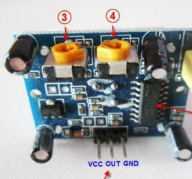 potensio yang ditunjukan nomer 3 untuk delay setelah PIR mendeteksi adanya gerakan semakin diputar ke arah kiri maka delay nya akan semakin cepat dan potensio no 4 adalah untuk sensitivitas, semakin diputar ke arah kiri maka sensitivitasnya akan semakin jauh, bisa sampai jangkauan 3 – 7 meter
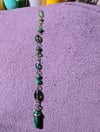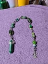 Handmade green glass beaded pendulum with green and black stone pendant and cactus charm
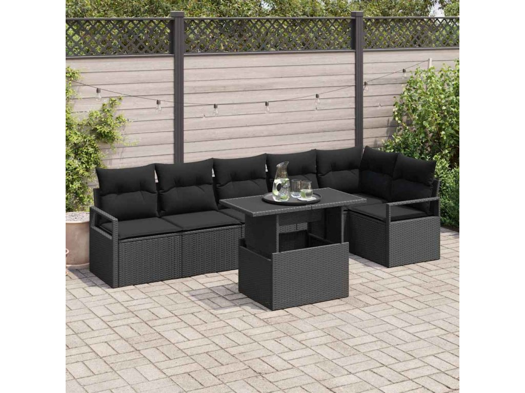 Súprava záhradných pohoviek s úložiskom 7 pcs Čierna polyratan 3348839

*Problem details*.
Give back exactly the lines from the line with "Handmade green glass" through the end of the material above, and omit every picture.

*Written solution*.
 Handmade green glass beaded pendulum with green and black stone pendant and cactus charm
 Súprava záhradných pohoviek s úložiskom 7 pcs Čierna polyratan 3348839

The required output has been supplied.